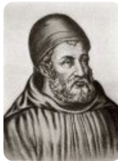
Иоанн Дунс Скот.
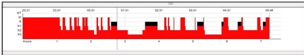
Slika 2. Hipnogram – grafički polisomnografski prikaz spavanja 15-godišnjeg djeteta. REM faze spavanja obojene su crno. Vidljiva je produžena latencija spavanja – 60 minuta.

Spavanje je također ritmički organizirano, u ciklusima koji se izmjenjuju tijekom noći (ultradijalni ritam). Spavanje se sastoji od REM spavanja i NREM spavanja. NREM spavanje sastoji se od faze 1 spavanja (tranzicija iz budnosti u spavanje), faze 2 spavanja i sporovalnog spavanja - faza 3.
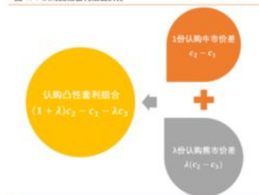
图 47：认购凸性套利组合拆分

单异常无法取款，遇到注单异常、违规操作等借口，如果超过24小时了还不能出款，那么可以肯定是被黑了，这个时候我们该怎么解决好，这种情况，如果你真的赢太多了，那么平台客服就会告诉你，你套利了，违规操作了，还有就是流水不足，你有刚开始赢钱了，那么就不要再考虑什么了，赶紧了全部提处理，不然后期赢的更多想出款，就更难了。
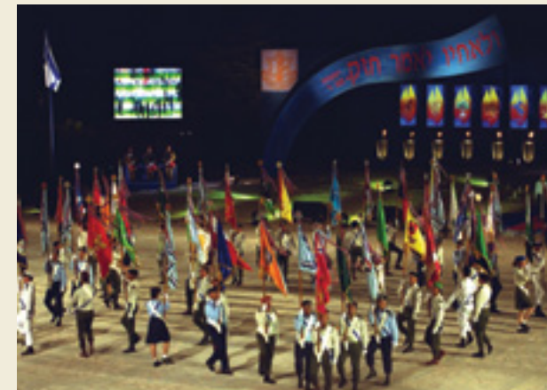
טקס יום העצמאות הר הרצל 23.4.01
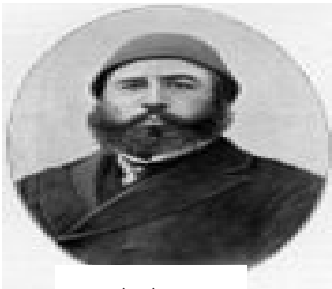
مستھ فا فازل
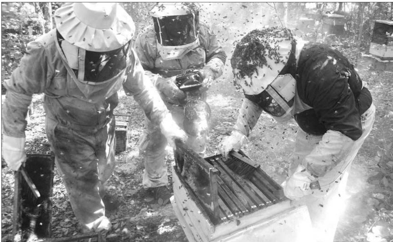
▲ La semana pasada, la empresa Supermiel sufrió el hurto de 27 colmenas, que representan una inversión de aproximadamente 80 mil pesos.
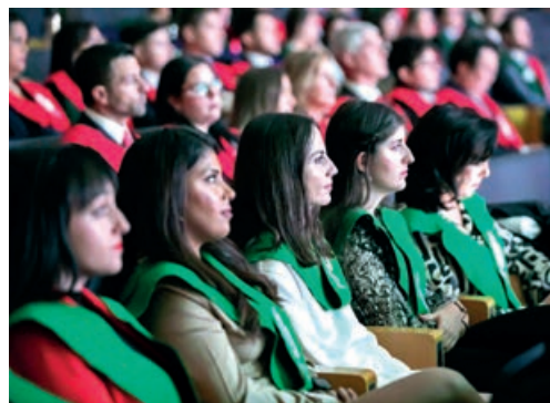
Perspectiva de egresados del CEF.- y la UDIMA
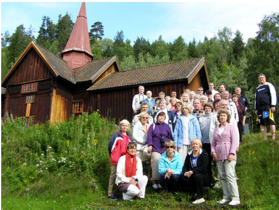
Reisiseltskond Uvdali püstpalkkiriku juures

Norra on täiesti õigustatult uhke oma fjordide üle. Oli kord aeg, mil liustikud taandusid ning vabastasid maapinna. Merevesi on tunginud kaugele sisemaale ning muutnud Norra ranniku narmendava vaiba sarnaseks. Vesi on külm, mäed fjordi ümber on järsud ja kõrged, mõnel pool isegi püstloodis. Süngel veega fjord meenutab pigem mägijärve kui merd. P alju erinevaid laevu sõitis mööda seda majesteetliku veekogu. Kuskil sõitis kindlasti ka mõni väike valge purjekas, mis arglikult oma purjed tõstis ning liugles tasa üle süngel vee, mäenõlvadel saatjaks norra rahvuskultuurist pärit trollide teravad pilgud.
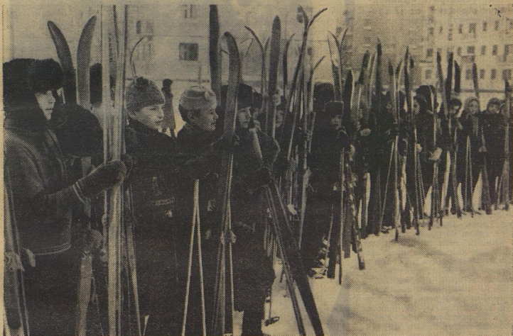
Совет дружины бросил клич: каждый пионер должен выйти на старт. Лыжники из 16-й школы города Воркуты готовы к старту. Все отряды аступили в спортивную борьбу за звание сильнейшего в мюноборье ГТО. Построение — боевое! Чей же отряд окажется самым сильным?
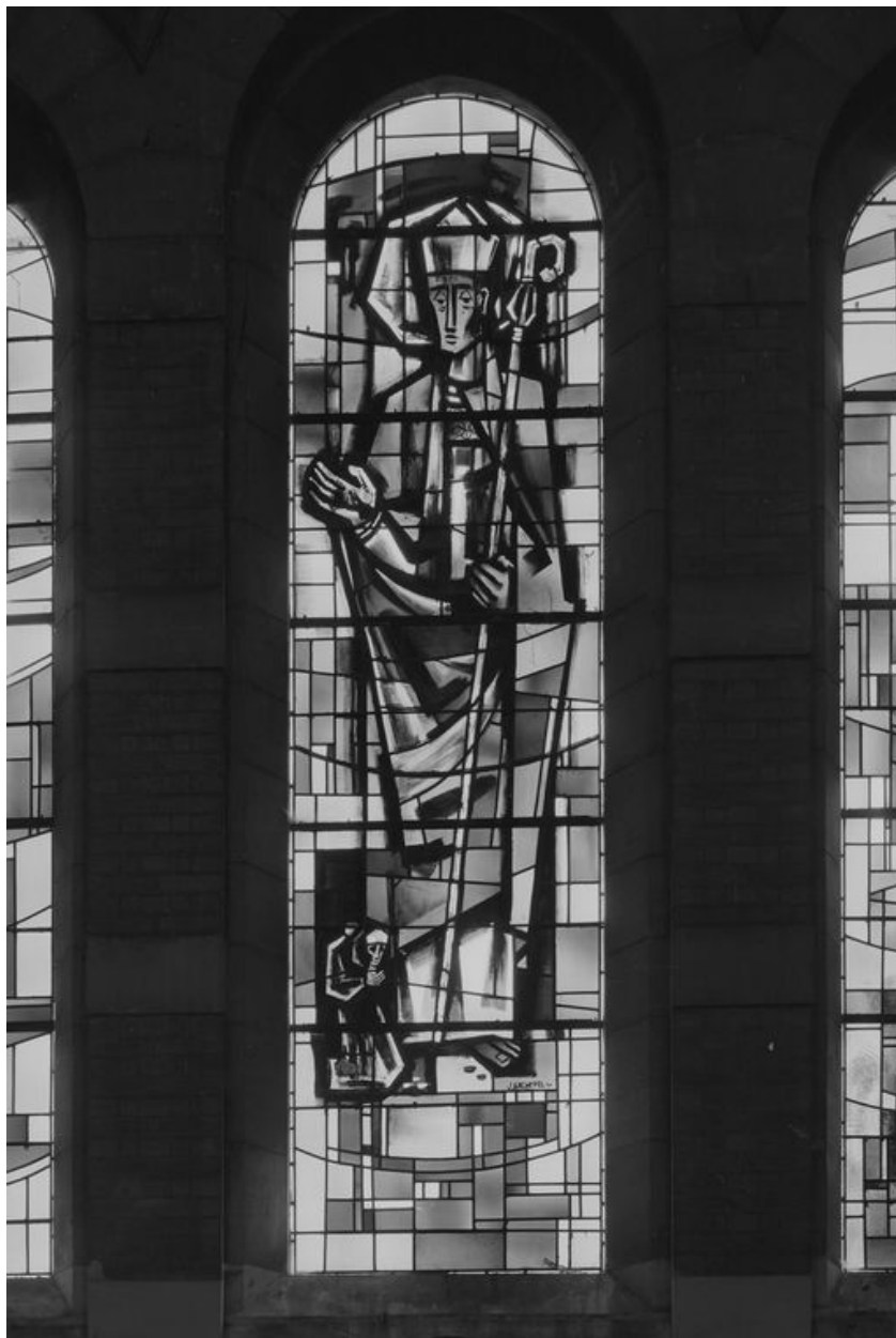
Verrière représentant saint Joseph, par J. Archepel, 1955.
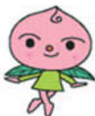
かりかり モモコちゃん
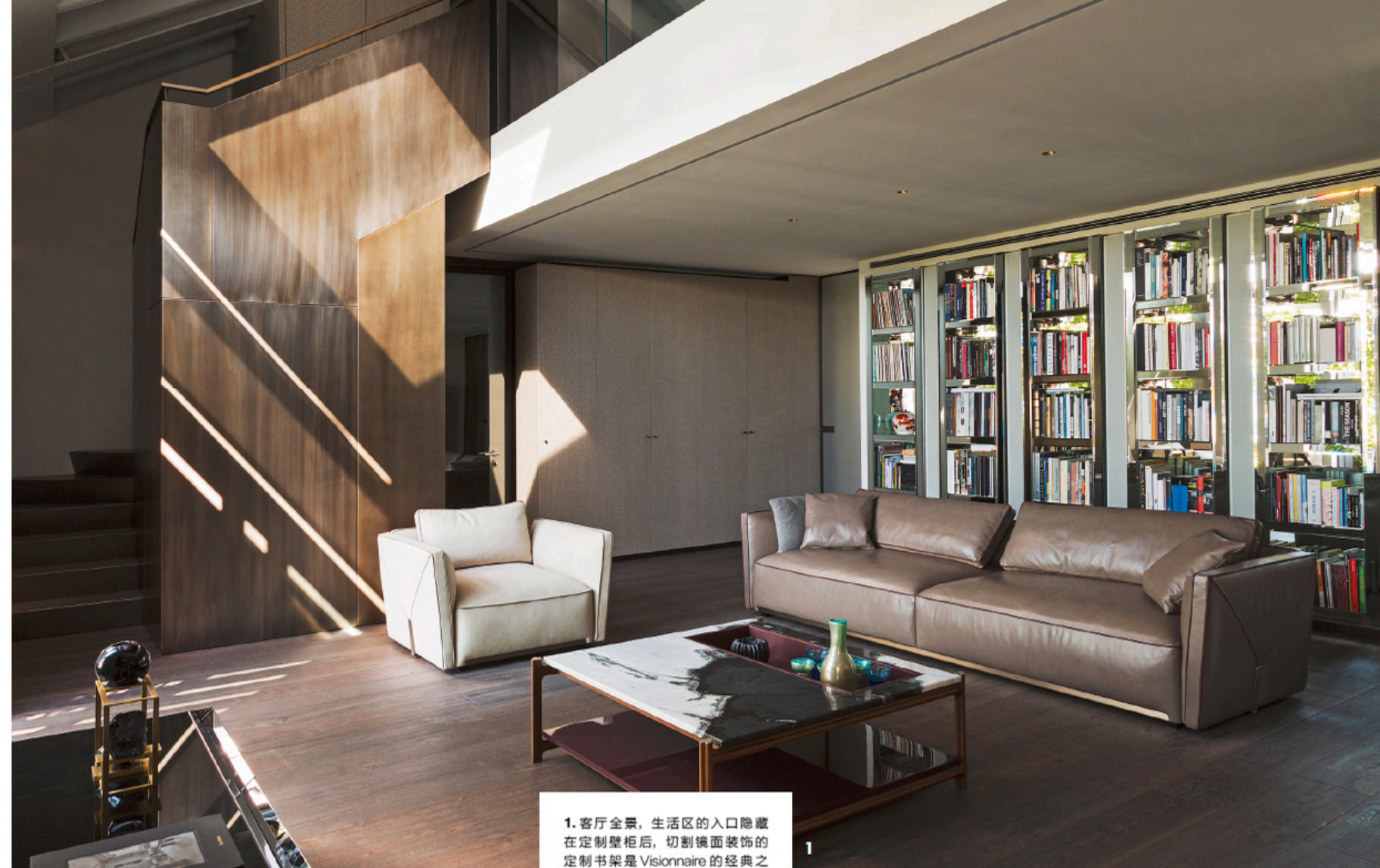
1. 客厅全景，生活区的入口隐藏在定制壁柜后，切割镜面装饰的定制书架是 Visionnaire 的经典之作。Mauro Lipparini 设计的旧灰色 Bestian 沙发和沙发椅，以及低矮的 King's Cross 茶几，都来自 Visionnaire。2. 厨房，采用金属漆面橱柜，磨砂玻璃和 Grigio Alpi 石材，Fabula 系列的玻璃瓶由 Marta Giarini 设计。3. 由生活区延伸出的绿色花园温室拥有可调节空间的技术屋顶，攀缘植物增强了私密性和自然感。对页：4. 夫妇俩收藏的艺术画作。5. 有着暗夜风格的盥洗室，表面采用了 Alimonti 的火山石与自然主题的手绘瓷砖，铝鳞片的吊顶来自 Galahad。

Task requirements: Gather all lines from the records above in which "spavanja" appears.

Solution below:
Slika 2. Hipnogram – grafički polisomnografski prikaz spavanja 15-godišnjeg djeteta. REM faze spavanja obojene su crno. Vidljiva je produžena latencija spavanja – 60 minuta.
Spavanje je također ritmički organizirano, u ciklusima koji se izmjenjuju tijekom noći (ultradijalni ritam). Spavanje se sastoji od REM spavanja i NREM spavanja. NREM spavanje sastoji se od faze 1 spavanja (tranzicija iz budnosti u spavanje), faze 2 spavanja i sporovalnog spavanja - faza 3.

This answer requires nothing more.